Problem description: Set down the data again exactly. Pictures are not part of the copy.
━━━ Data excerpt
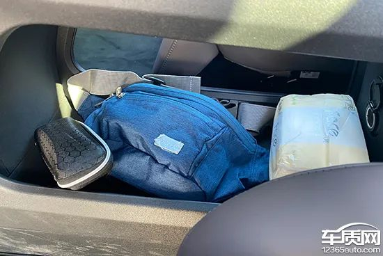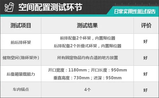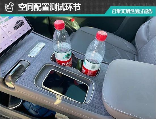 对于车内使用空间的测试,只针对前排触手可及的空间,不包括手套箱、中央扶手箱等需开启的空间。测试方法是将以下固定物品全部放置在前排的各个储物空间内,通过固定物品的放置情况来判断车辆储物空间的表现。测试选定的固定物品为:2瓶常规大小的矿泉水、1部大屏手机、1支口红、1个挎包、1副墨镜、1把折叠雨伞以及1包常规尺寸的抽纸。
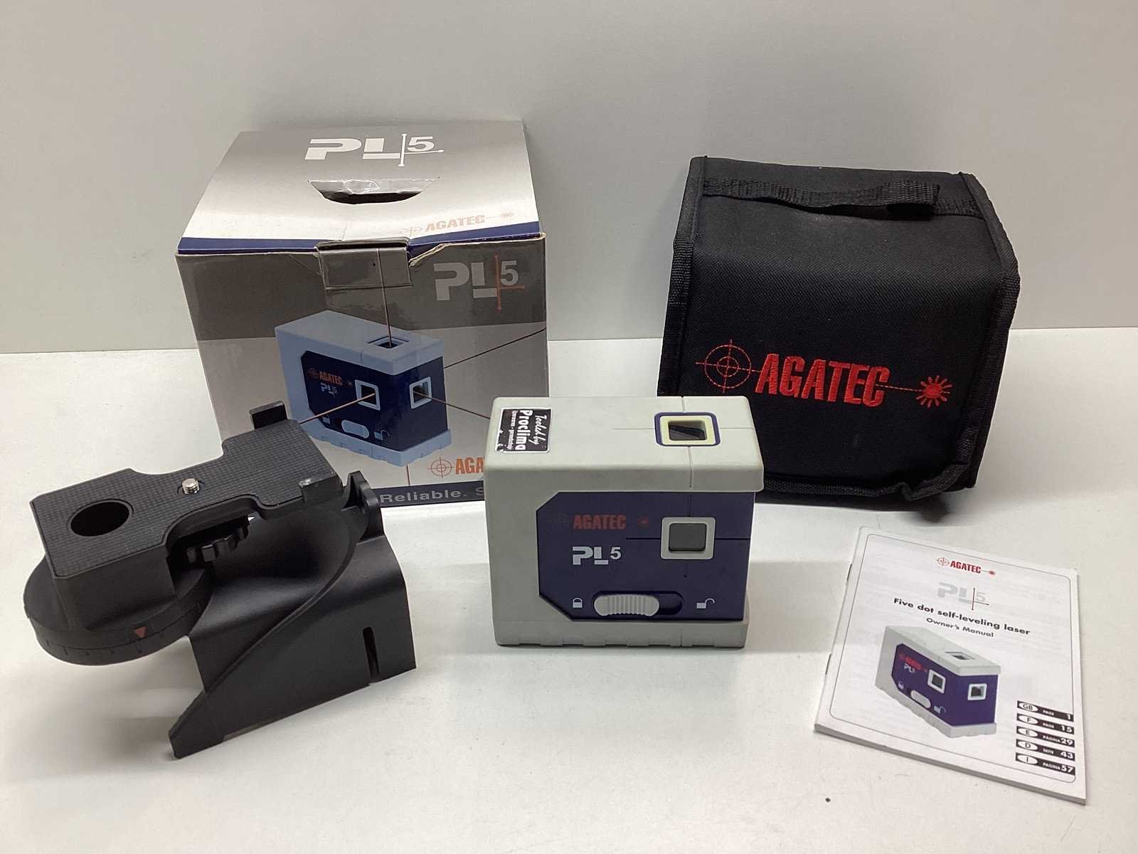 Zelfnivellerende 5-puntslaser met schietlood-, waterpas- en vierkant-stralenbundels. Laserpunten zijn loodrecht op elkaar geplaatst op 30mm van iedere kant. Geleverd met universele adapter, speciaal bestemd voor droge muursporing, vloer-tot-plafond loodschieten, hoeken en toepassingsspecifieke trefpunten uitzetten, nuttig bij controle van hellingshoeken of verticale lijnen. Merk: Agatec Type: CP5 5-puntslaser
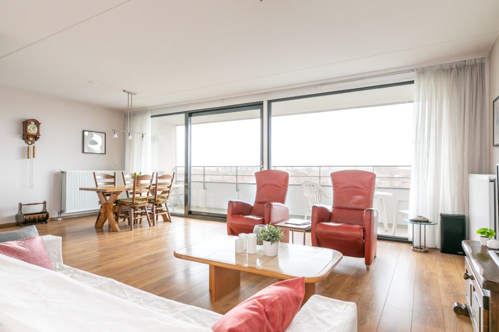 – riante living van 43 m² met laminaatvloer, schuifpui naar royaal balkon met een fantastisch uitzicht over het centrum en het zuiden van Breda. Door de grote ramen en balkons op het Zuiden komt het licht je overal tegemoet.
━━━━━━
Solution to the exercise:
 对于车内使用空间的测试,只针对前排触手可及的空间,不包括手套箱、中央扶手箱等需开启的空间。测试方法是将以下固定物品全部放置在前排的各个储物空间内,通过固定物品的放置情况来判断车辆储物空间的表现。测试选定的固定物品为:2瓶常规大小的矿泉水、1部大屏手机、1支口红、1个挎包、1副墨镜、1把折叠雨伞以及1包常规尺寸的抽纸。
 Zelfnivellerende 5-puntslaser met schietlood-, waterpas- en vierkant-stralenbundels. Laserpunten zijn loodrecht op elkaar geplaatst op 30mm van iedere kant. Geleverd met universele adapter, speciaal bestemd voor droge muursporing, vloer-tot-plafond loodschieten, hoeken en toepassingsspecifieke trefpunten uitzetten, nuttig bij controle van hellingshoeken of verticale lijnen. Merk: Agatec Type: CP5 5-puntslaser
 – riante living van 43 m² met laminaatvloer, schuifpui naar royaal balkon met een fantastisch uitzicht over het centrum en het zuiden van Breda. Door de grote ramen en balkons op het Zuiden komt het licht je overal tegemoet.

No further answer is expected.